Nada a ver com o que ocorria entre João e eu. Ele sempre achava melhor empatar do que vencer.

V

O amigo escuta

– Por que você gosta dele? Eu nunca soube e nem agora saberia responder. João também não seria capaz de explicar por quê .
Para eles, a questão não fazia sentido. Podia um afirmar que apreciava isso ou aquilo no outro, mas a verdadeira razão era ignorada pelos dois.
O fato é que havia grande afinidade. O conselho de um era tão acertado para o outro que um mais confiava no outro do que em si mesmo. E, além do conselho certeiro, havia a liberdade de falar sem medo. Diga, insistia ele, sempre que ela hesitava em contar o que a atormentava. E daí, simplesmente por dizer, ela descobria uma saída. Porque João a escutava, Ana se ouvia.

VII

O amor vale a pena

Paciência, repete Ana, antes de ver no vaso, até então vazio, um buquê de brincos-de-princesa. Surpreendida, ela fecha os olhos, cerrando as pálpebras.
Por que enxerga flores onde não há? Pergunta e conclui que não é dona de si.
– Ora, diz a libélula, depois de se sacudir e pousar na borda saliente do vaso. – Quem pode, em sã consciência, dizer que é dono de si? Julieta acaso deixa Romeu porque ele é filho do maior inimigo do seu pai? Ela é da família Capuleto, ele da família Montéquio…
– E eu com isso?

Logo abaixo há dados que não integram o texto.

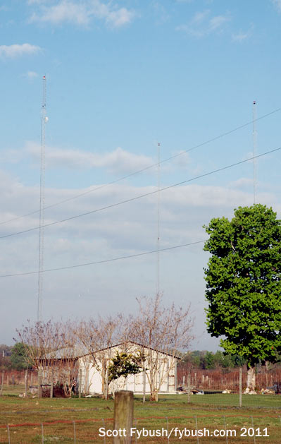 For a time in the 1980s, 950 even simulcast with top-40 “BJ-105,” which had taken its calls from Rounsaville’s wife Betty Jane. 950 later ended up with Infinity and then briefly with Cox as WZKD before going to Salem. (And while we didn’t get to see them, the old WLOF studios apparently still exist alongside the five-tower array; check out photos over at CFLRadio.net, which is a wealth of great information about radio in this area.)

Com Julieta, protesta Ana, olhando os olhos multifacetados da libélula, que continua:
– Romeu também não teve dúvidas. Quando a amada pediu que trocasse de nome para se casar, ele renegou o pai e a mãe: “Me chama de meu amor e eu estarei rebatizado”.
– Bonito.
– É por isso que vale a pena não esquecer.
– Não esquecer o quê, ora?
– Que o amor vale a pena.

X

A morte é uma estrela invisível

A morte ensina que hoje está, amanhã ninguém sabe. Dança para celebrar a vida e para celebrar a morte que, não deixando perder tempo, não deixa perder a vida. Ela cega quem tem medo e ilumina quem não tem. Não brilha e não é visível, mas é uma estrela porque faz achar o caminho. Quem dela não se esquece não se engana. Sabe para onde deve ir. A morte é uma estrela invisível.